In a similar fashion to the program Bhuyan et al. examines, another model works to present deeper learning and STEM career opportunities to marginalized individuals outside of school. As illustrated by researchers Ryan Culbertson, Guan K. Saw, Chi-Ning Chang, Kahli, Hedrick-Romano, and Guillermo Lopez, this plan stretches out to students from grades six through nine: it provides coursework pairings that include algebraic structures and physics to computer science and advanced engineering while utilizing PBL, group mentoring, and tutoring (7). Sampling from a student body consisting of predominantly females, underrepresented minorities (URMs), and low socioeconomic status (Low-SES) individuals, surveys were later conducted revealing a strong correlation, or factor load above the 0.70 threshold, between the model’s methods of involving students in the sciences and their overall attitudes toward STEM (Culbertson, et al. 9). In fact, a factor load of 0.911 students felt that they were “encouraged to think of creative solutions to problems,” 0.811 acknowledged that they “worked with real-world examples,” and the initial 0.891 figure of individuals thinking of “working as a STEM professional in the future” had now increased to 0.922 after the completing the courses (Culbertson, et al. 9). It is in supportive educational settings like these where minorities can begin to mentally rewrite the harmful narrative they have internalized. It is in spaces where one is told that they are capable rather than they are not where marginalized individuals can begin to see themselves operating a telescope, analyzing a cell sample, or constructing a wind turbine. Furthermore, it is with this academic guidance that the STEM workforce can benefit from the nuanced ideas and expertise these eventual professionals will bring to the table.
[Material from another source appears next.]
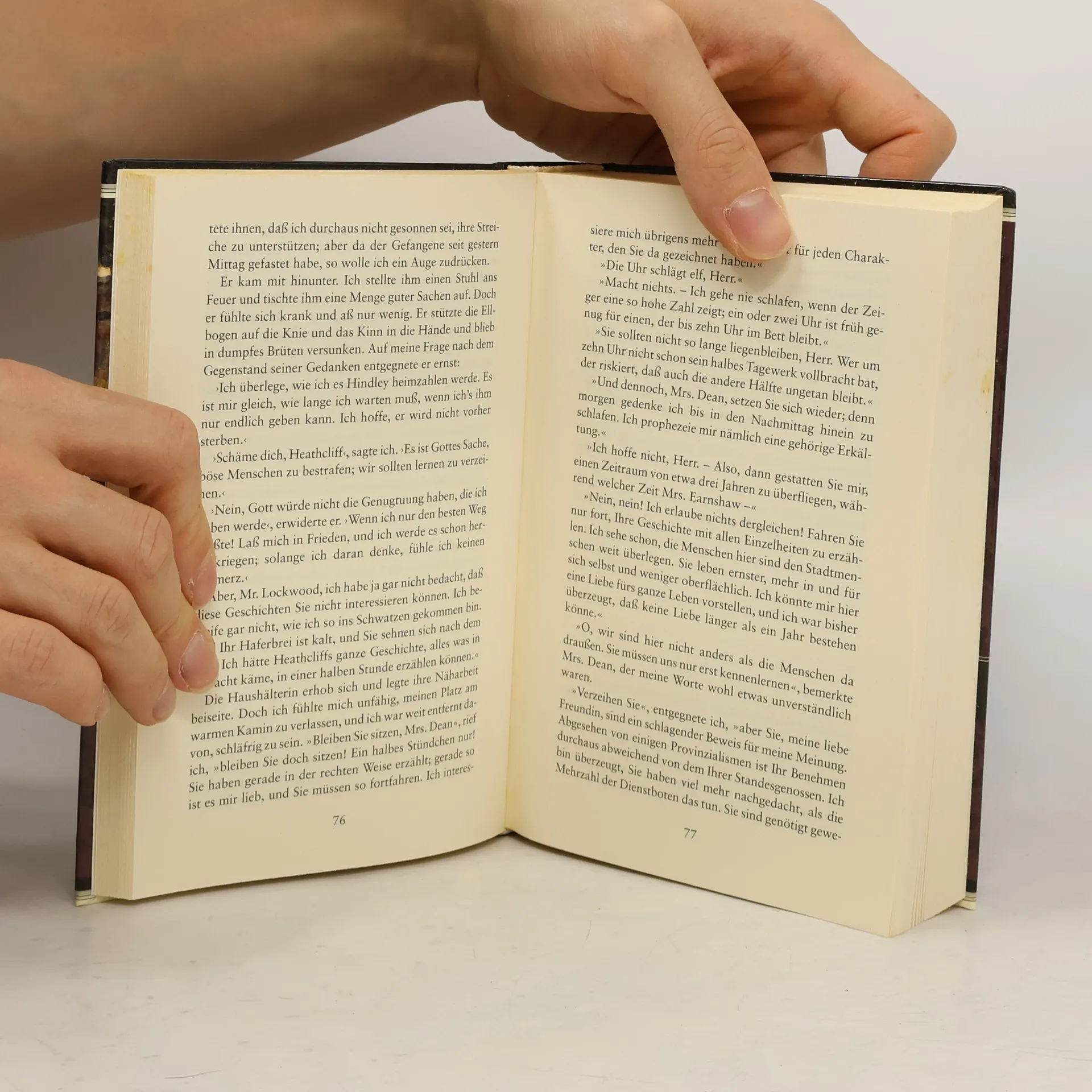 »›Wuthering Heights‹, Sturmhöhe, heißt Mister Heathcliffs Besitztum. ›Wuthering‹ ist ein trefflich mundartlicher Ausdruck, um den Aufruhr der Lüfte zu beschreiben, dem dieser Ort bei stürmischem Wetter ausgesetzt ist.« Dort, in einer einsamen Moorgegend, spielt sich in einem Kreis von fünf Personen der weltberühmte Familienroman ab, der in kunstvoller Überschneidung und Verhüllung durch drei Generationen führt.

Discriminatory stereotypes, negative social interactions, and an overarching lack of support for minority students are the key factors that precipitate the STEM gaps we see today. These disheartening phenomena psychologically affect underrepresented students, hampering their self-perception, self-efficacy, and STEM identity early on in their educational journeys. If we are to close the gaps present within the world of science in the most effective way, it is imperative that educational institutions provide academic programs that tangibly guide and encourage marginalized students interested in pursuing STEM. If these students’ capabilities are reinforced, education, industry, medicine, and the environment will all eventually benefit from their insights and ideas.